I use multiple survey waves (2006, 2011, 2016), the confidential location of the women, and the universe of Mexican pharmacies to identify those who gained access to a pharmacy between 2011 and 2016. I estimate the effect of a pharmacy opening on fertility, violence, and separation in a difference-in-difference framework, using variation across time and access to pharmacies.

First, I show that a pharmacy opening is effective at reducing the probability of becoming a mother. I then test the three predictions of the model. The first prediction is the effect of motherhood on current violence. I use a binary outcome variable indicating whether the woman experienced physical violence in the last twelve months. Consistent with both channels, a pharmacy opening reduces the probability of currently experiencing physical violence.

The second prediction is the effect of motherhood on men’s violent behavior. I use women’s relationship history and violence history to identify whether the partner from five years before the survey (before the pharmacy opening) was physically violent at any point in the relationship. The direct channel predicts a negative coefficient in this variable since fewer men become violent due to the pharmacy opening. The selection channel predicts a coefficient of zero, as having a child does not change men’s propensity to exert violence. Consistent with the selection channel, I find women in the treatment and control groups are equally likely to have experienced violence with their partner before the pharmacy opening.

Lastly, to test women’s separation behavior, I use an outcome variable of whether a woman had a breakup in the last five years. Under the direct channel, a pharmacy opening would result in a decrease in the probability of breakup, as fewer men become violent, leading to lower separation rates. The selection channel predicts a positive coefficient, as delaying pregnancy allows women time to learn if their partner is violent and leave. Consistent with the selection channel, I find that pharmacy access increases the probability of breakup.

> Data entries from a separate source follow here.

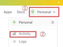 在网页右上角【个人(personal)】→选择【活动(activity)】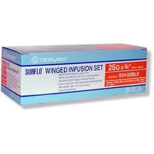 Terumo SurFlo Winged Infusion Sets provide soft, flexible interlocking wings that readily conform to the body's contour. The wing is angled for ease of positioning of the needle during venipuncture. Â The SurFlo Winged Infusion Needle Set provides less risk of vessel damage or occlusion of the lumen. The precisely honed needle with Ultra-Thin wall design assures ease of penetration and continued access with a single insertion. The Terumo SurFlo Winged Infusion Needle Set is DEHP Free.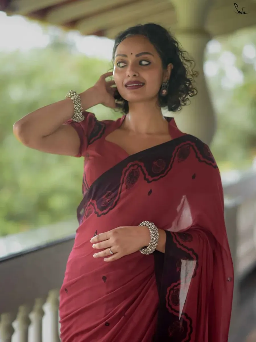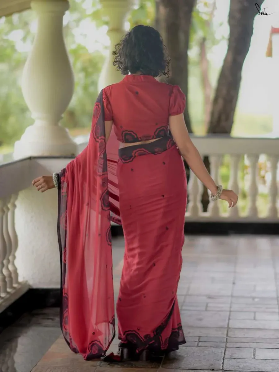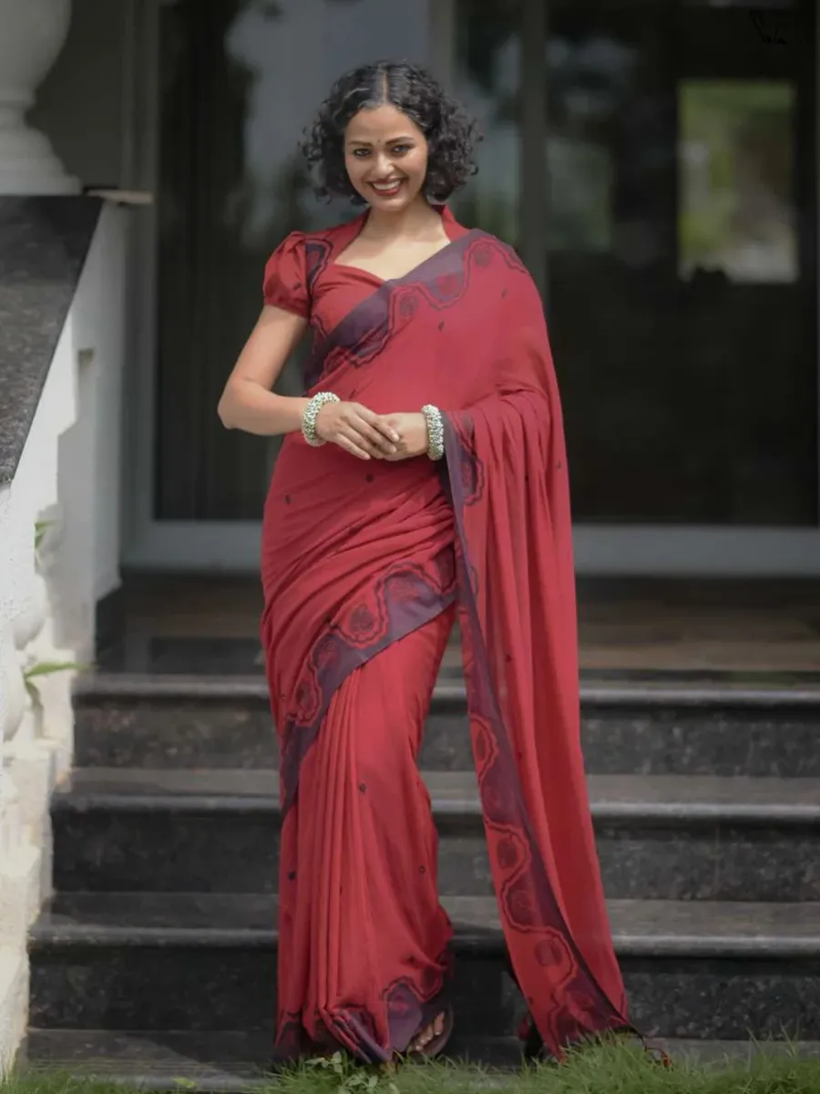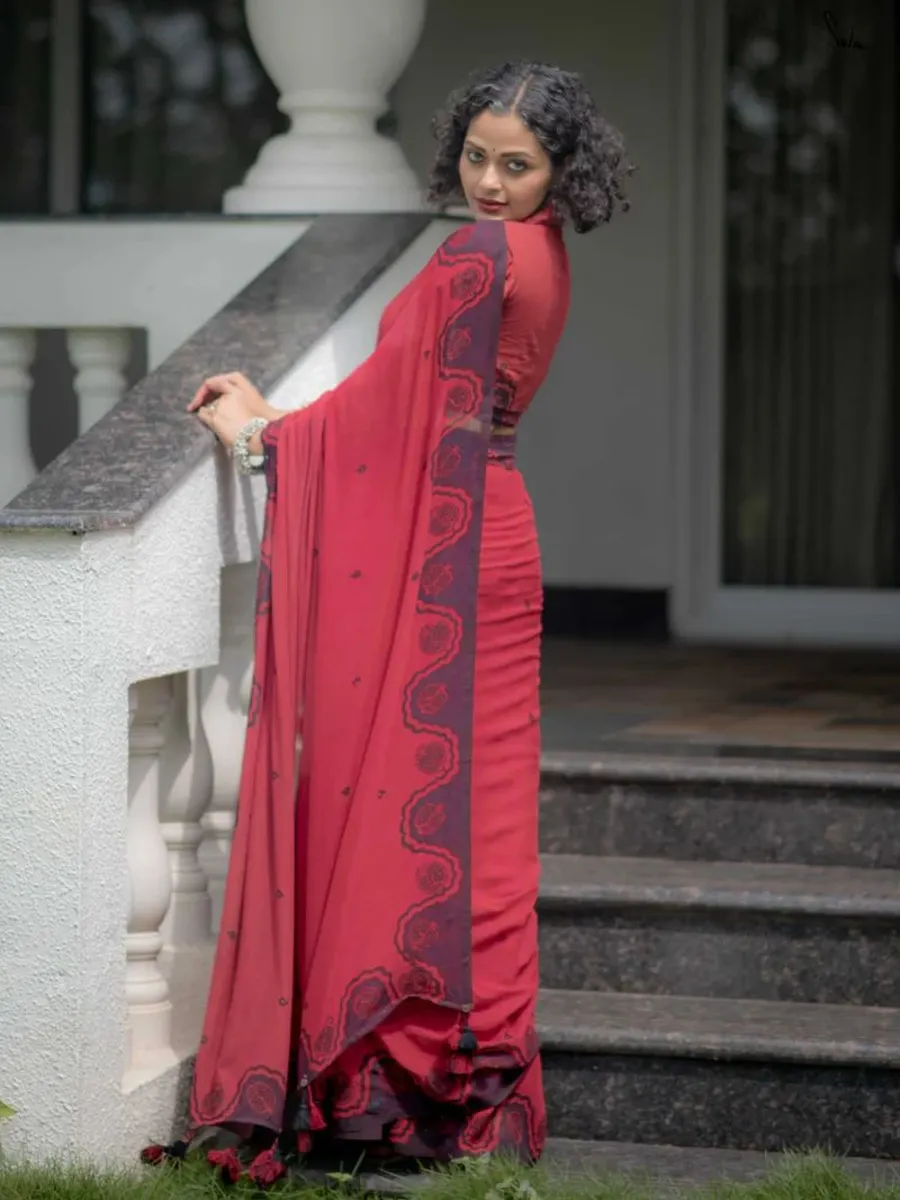 NEW ARRIVAL LINEN COTTON DIGITAL PRINTED WORK SAREE WITH UNSTITCHED BLOUSE RED

Figure 2: Effect of pharmacy access

I also show that treatment and control groups followed parallel trends before the pharmacy openings and perform two placebo exercises. First, I use recent mothers prior to the pharmacy opening as a placebo group. These women had access to all services that a pharmacy provides, but the timing of the opening was after they became mothers. For this group, I find no effect on fertility, violence, or separation. To rule out that other unobserved factors correlated with a pharmacy opening affect mothers and non-mothers differently, I estimate the effect of other business openings (e.g., bakery, hardware store) on non-mothers. Only a pharmacy opening, not other business openings, has the expected effects on fertility, violence, and separation.

Implications for Policy

I find that motherhood increases the risk of experiencing violence mainly through the selection channel: men are violent regardless of fatherhood, but motherhood increases separation costs for women. My results suggest that policies which strengthen women’s control over their fertility can reduce the incidence of IPV by enabling them to leave violent relationships before they are locked in by motherhood.